====== EXCERPTED DATA ======
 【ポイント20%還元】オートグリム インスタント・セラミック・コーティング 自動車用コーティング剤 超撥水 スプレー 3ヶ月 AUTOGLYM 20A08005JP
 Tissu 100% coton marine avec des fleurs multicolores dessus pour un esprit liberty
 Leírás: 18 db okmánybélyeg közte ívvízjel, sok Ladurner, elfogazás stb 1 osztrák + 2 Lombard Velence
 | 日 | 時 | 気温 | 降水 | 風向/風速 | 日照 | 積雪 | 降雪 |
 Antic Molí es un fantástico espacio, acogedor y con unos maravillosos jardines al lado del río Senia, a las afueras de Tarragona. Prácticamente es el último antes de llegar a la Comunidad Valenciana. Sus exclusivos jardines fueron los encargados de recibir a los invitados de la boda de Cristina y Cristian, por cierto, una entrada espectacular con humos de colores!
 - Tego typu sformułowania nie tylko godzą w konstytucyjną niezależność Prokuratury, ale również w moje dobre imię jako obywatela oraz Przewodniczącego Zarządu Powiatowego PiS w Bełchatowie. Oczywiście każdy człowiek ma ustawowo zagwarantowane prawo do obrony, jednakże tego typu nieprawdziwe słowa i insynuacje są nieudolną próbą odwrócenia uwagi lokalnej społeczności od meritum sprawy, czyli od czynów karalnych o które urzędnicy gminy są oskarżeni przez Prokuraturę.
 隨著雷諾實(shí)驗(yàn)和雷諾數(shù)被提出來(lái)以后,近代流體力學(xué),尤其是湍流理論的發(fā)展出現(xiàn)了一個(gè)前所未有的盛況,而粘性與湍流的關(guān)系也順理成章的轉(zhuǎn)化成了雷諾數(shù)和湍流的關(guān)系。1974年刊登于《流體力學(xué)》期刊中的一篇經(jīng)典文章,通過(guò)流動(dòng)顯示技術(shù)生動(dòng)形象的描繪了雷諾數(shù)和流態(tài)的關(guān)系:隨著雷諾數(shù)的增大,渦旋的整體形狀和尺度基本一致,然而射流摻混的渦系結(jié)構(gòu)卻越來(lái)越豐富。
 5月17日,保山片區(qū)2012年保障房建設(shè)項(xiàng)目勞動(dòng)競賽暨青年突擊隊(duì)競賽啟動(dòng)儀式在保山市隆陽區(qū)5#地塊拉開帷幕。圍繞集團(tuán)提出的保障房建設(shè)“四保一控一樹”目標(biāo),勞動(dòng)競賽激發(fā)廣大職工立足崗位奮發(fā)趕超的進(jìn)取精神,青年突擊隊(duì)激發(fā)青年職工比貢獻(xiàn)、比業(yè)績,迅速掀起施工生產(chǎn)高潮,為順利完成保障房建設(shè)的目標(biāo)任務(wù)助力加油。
======
### EXERCISE GOAL
Would you retype exactly the lines above, from the line with "Tissu 100% coton" to the line with "Antic Molí es", with both end lines kept and nothing more?

### ANSWER TO THIS EXERCISE
 Tissu 100% coton marine avec des fleurs multicolores dessus pour un esprit liberty
 Leírás: 18 db okmánybélyeg közte ívvízjel, sok Ladurner, elfogazás stb 1 osztrák + 2 Lombard Velence
 | 日 | 時 | 気温 | 降水 | 風向/風速 | 日照 | 積雪 | 降雪 |
 Antic Molí es un fantástico espacio, acogedor y con unos maravillosos jardines al lado del río Senia, a las afueras de Tarragona. Prácticamente es el último antes de llegar a la Comunidad Valenciana. Sus exclusivos jardines fueron los encargados de recibir a los invitados de la boda de Cristina y Cristian, por cierto, una entrada espectacular con humos de colores!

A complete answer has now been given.